= Recorded information =
++++++

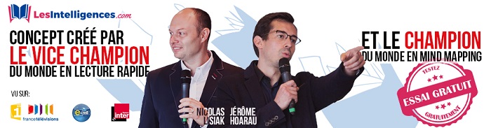 LesIntelligences.com est une plateforme qui a été fondée par deux “pros” de l’apprentissage : Jérôme Hoarau, Champion du Monde de Mind Mapping 2018 et par Nicolas Lisiak,Vice-Champion du Monde en Lecture rapide 2017.
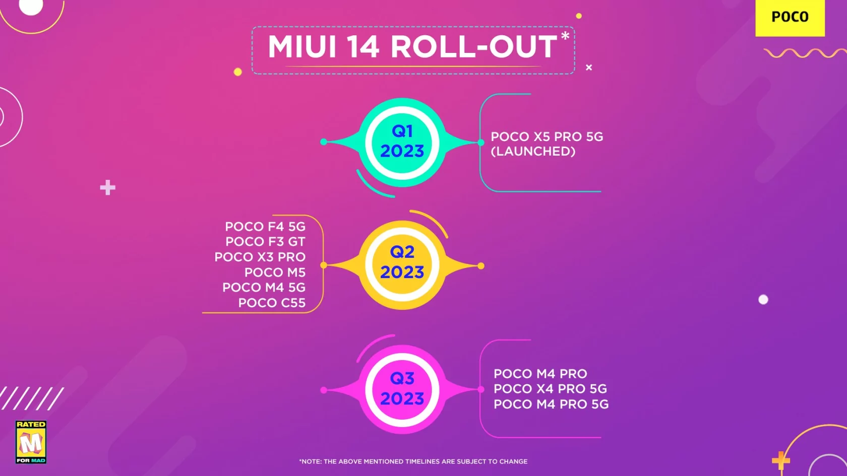 График обновлений смартфонов POCO до Android 13 и MIUI 14
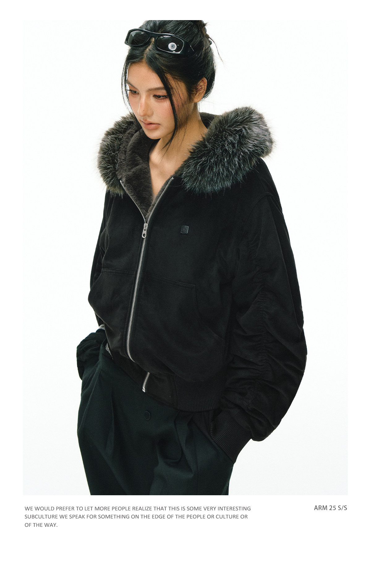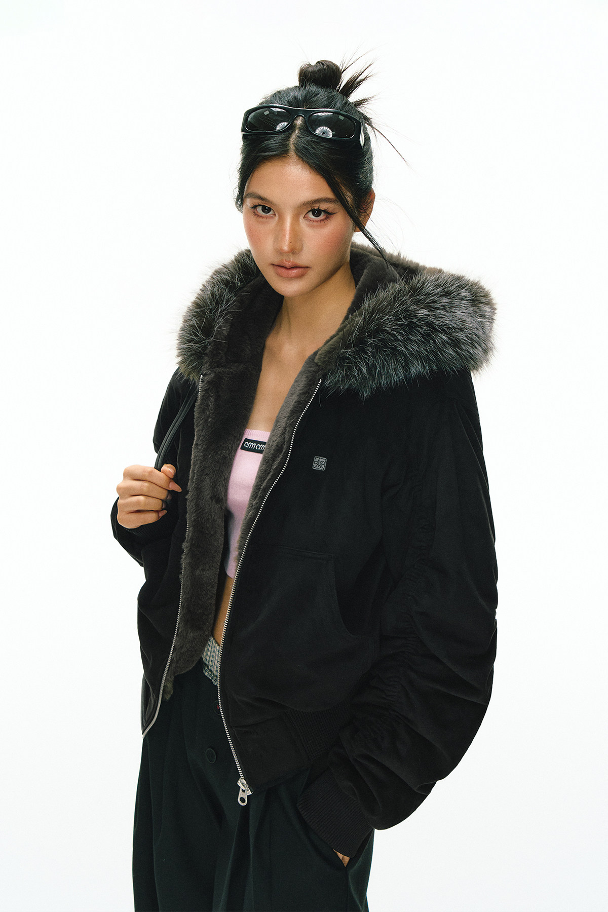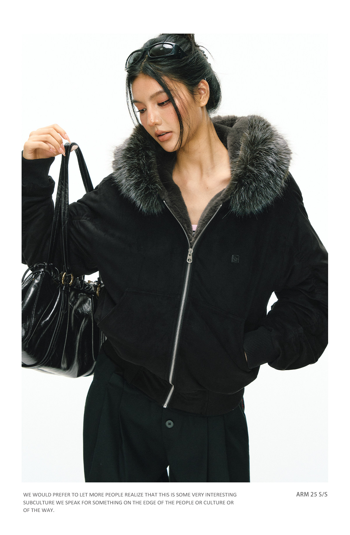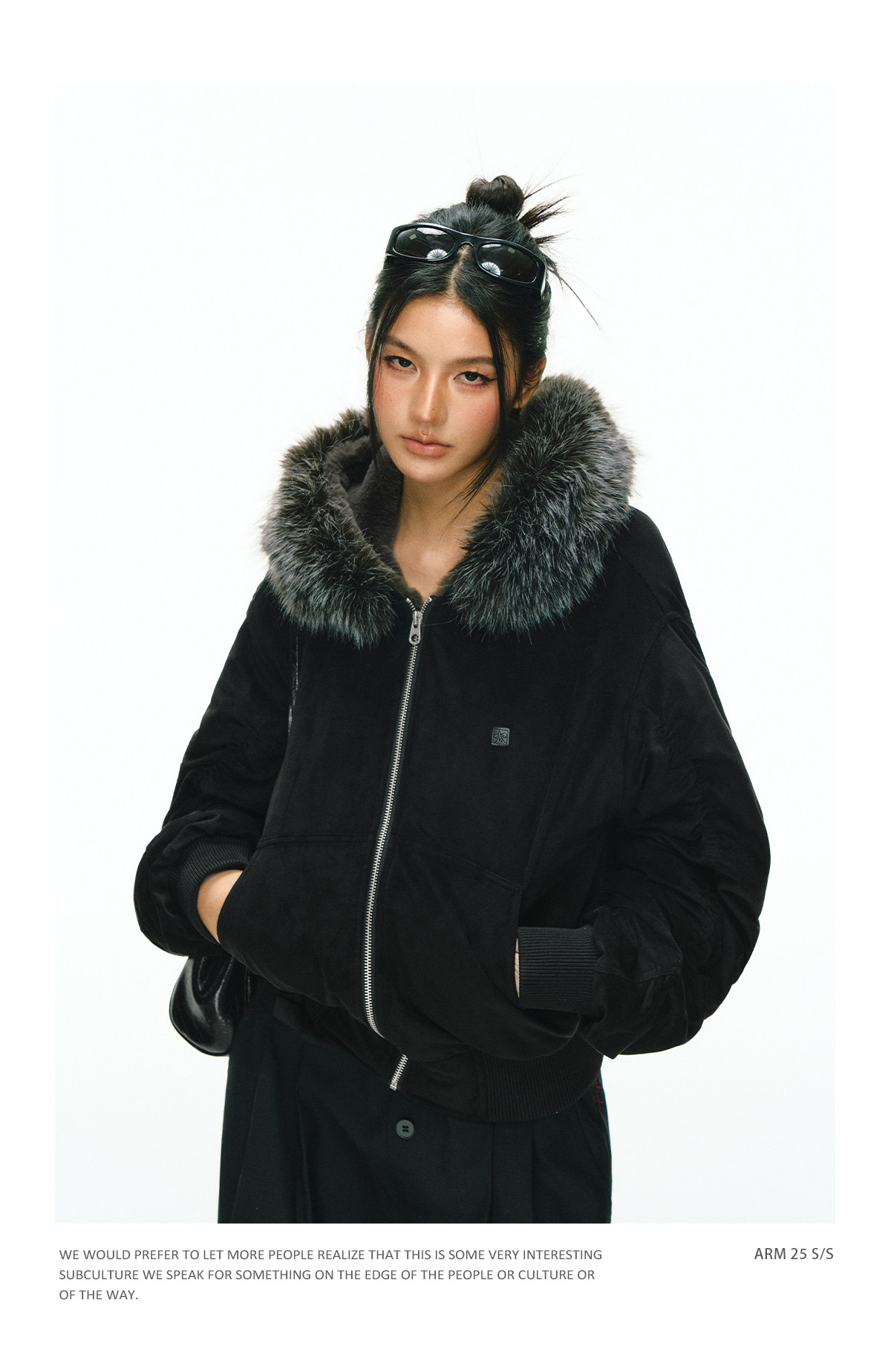 Ariseism 美式复古设计感连帽可拆卸毛领棉服女冬季新款

++++++

= What is needed =
Exactly the lines from the one with "График обновлений смартфонов" through the end of the listing above are to be repeated, with no pictures.

= Written solution =
 График обновлений смартфонов POCO до Android 13 и MIUI 14
 Ariseism 美式复古设计感连帽可拆卸毛领棉服女冬季新款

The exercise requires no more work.